Pie charts are among the most popular and widely used visual representation tools in the data analysis world. They’re simple, intuitive, and can instantly communicate a message about the proportionate distribution of data. However, like any tool, when used improperly, they can distort information, leading to misguided conclusions and decisions. To ensure clarity and accurate representation, here are some essential dos and don’ts when analyzing data with a pie chart.
Do: Use Pie Charts for Proportional Data
Pie charts excel at showing parts of a whole. When you have categorical data where you want to depict how different categories contribute to the total, a pie chart can be highly effective. For instance, if you want to display the market share of different companies in an industry or the distribution of respondents in a survey based on age groups, pie charts can paint a clear picture.
Don’t: Use Them for Comparing Individual Values
If your primary objective is to compare the size of individual categories, then a pie chart might not be the best choice. In such scenarios, a bar or column chart would be more effective. Why? Human eyes find it challenging to compare the size of angles or areas in a pie chart as opposed to the length of bars in a bar chart. The latter offers a more direct and accurate comparison between individual values.

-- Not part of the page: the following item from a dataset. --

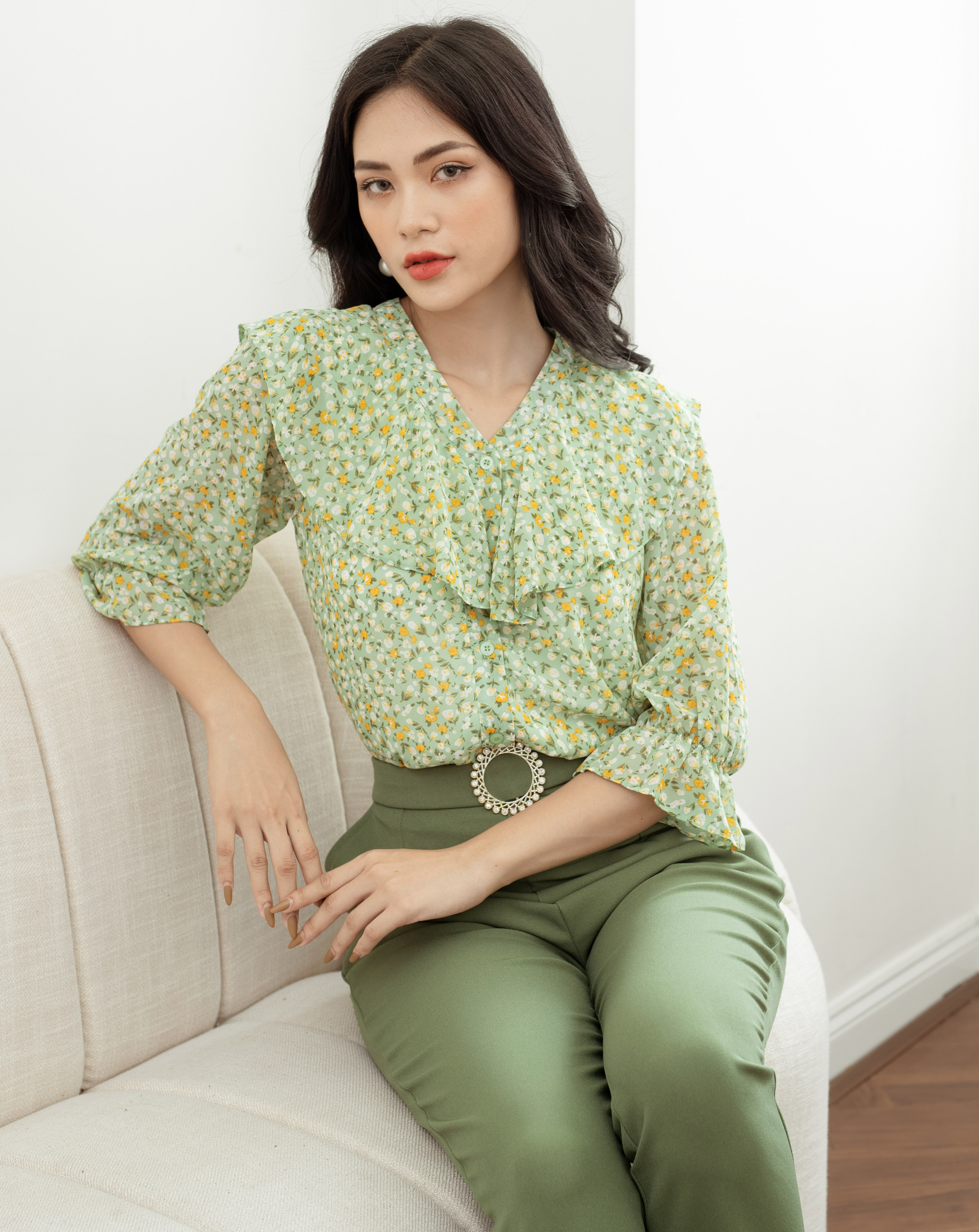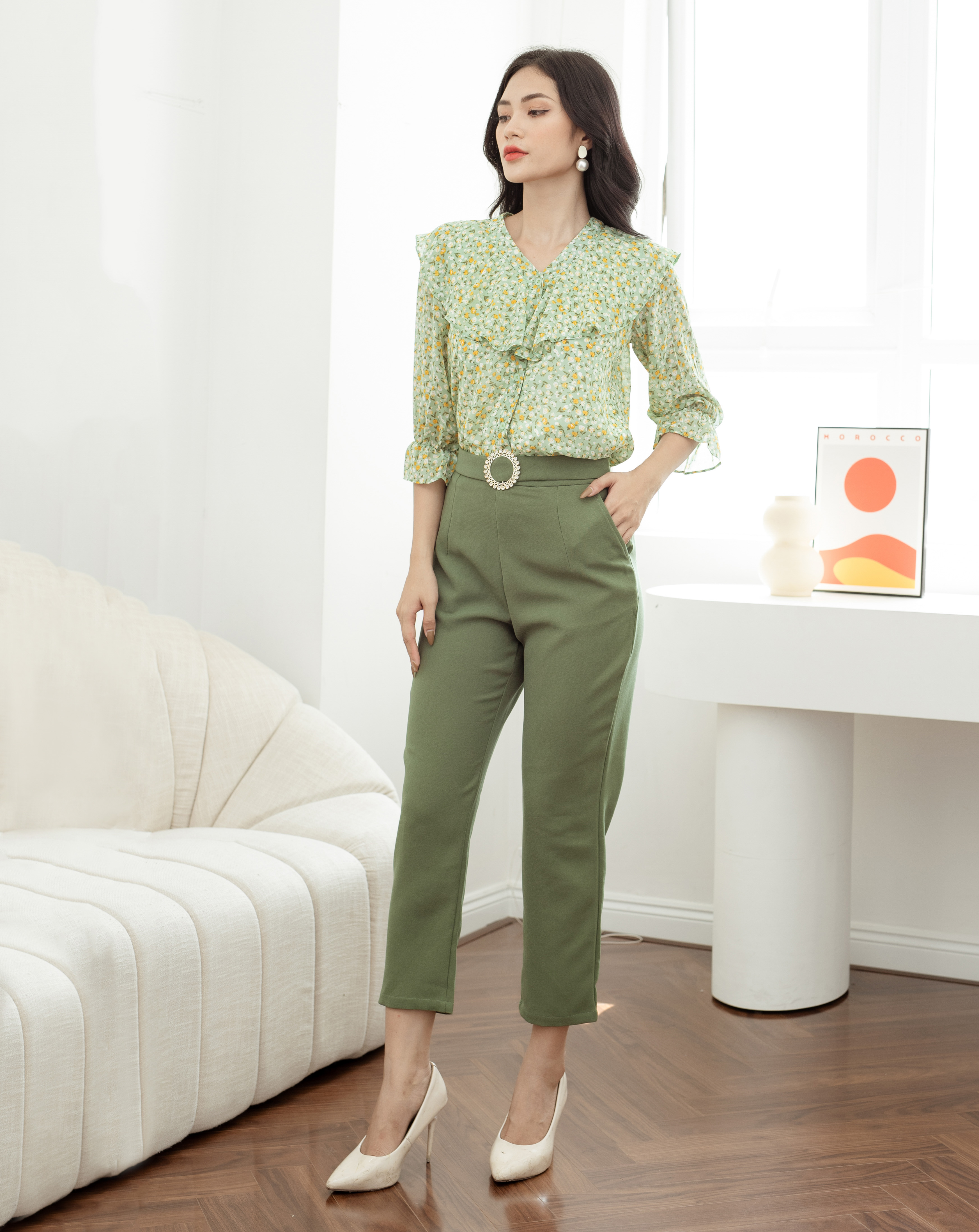 Màu xanh thanh lịch mang đến vẻ trẻ trung và tươi mới cùng kiểu dáng áo có tay và phối quần dài lưng cao tạo nên vẻ đẹp thanh thoát và nữ tính. Với hoa văn trên áo, Set bộ phong cách này thích hợp cho các buổi làm việc công sở, dự tiệc, party, event hoặc thậm chí đi chơi.
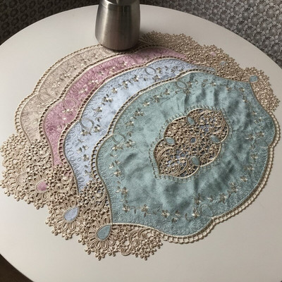 Ρετρό Γαλλικό στυλ Φανελένιο με κεντητό σουπλά με δαντέλα Ματ τσαγιού Φλιτζάνι σουβέρ Τραπεζομάντιλο Ποιμενικό Κομοδίνο Διακόσμηση πάρτι

Do: Limit the Number of Categories
To maintain clarity, it’s a good practice to keep the number of categories in a pie chart limited. Ideally, five to seven slices provide a balanced view without overwhelming the viewer. When there are too many slices, the chart becomes cluttered, making it difficult to distinguish between categories and understand their relative proportions.
Don’t: Use 3D Pie Charts Unnecessarily
The 3D pie charts may look fancy and can be tempting to use, especially in presentations where aesthetics are a priority. However, they often distort the proportion of slices, making them appear larger or smaller than they actually are. This distortion can lead to inaccurate interpretations of the data. Stick to 2D pie charts unless there’s a very specific reason to introduce a third dimension.
Do: Use a Consistent Color Scheme
Color plays a crucial role in pie charts. It helps differentiate between categories and can also be used to highlight specific sections of interest. When choosing colors, ensure there’s enough contrast between the slices. Also, it’s advisable to use a consistent color scheme, either based on category type or value. For instance, if you’re presenting quantitative data on global temperatures, warmer temperatures can be represented in varying shades of red, while cooler temperatures can be depicted in blues.
Don’t: Forget About the Legend
When using colors to represent different categories, it’s essential to include a legend that clearly indicates what each color stands for. While it might be tempting to label each slice directly, doing so can clutter the chart, especially if there are many categories. A well-placed legend makes the pie chart more readable and allows for a cleaner design.
Do: Emphasize Important Data Points
Sometimes, the objective of your pie chart is to emphasize a particular slice or category. You can do this by slightly exploding that slice (making it stand out from the pie) or using a bold or contrasting color. This helps draw the viewer’s attention to that particular data point, making the main message of the chart clear.
Don’t: Rely Solely on the Pie Chart
While pie charts are a powerful tool, they don’t always tell the complete story. Sometimes, you might need to complement them with other charts or textual data to give a fuller picture. For instance, a pie chart might show the proportion of sales from different regions, but a line chart can better show the sales trend over time.
Navigating the Charted Waters
In conclusion, while pie charts offer a visual feast that can simplify complex data, it’s imperative to use them judiciously. By following these dos and don’ts, you can create clear, effective, and accurate pie charts that communicate data insights effectively. Remember, the key is not just to make the data look good, but to ensure it tells the right story.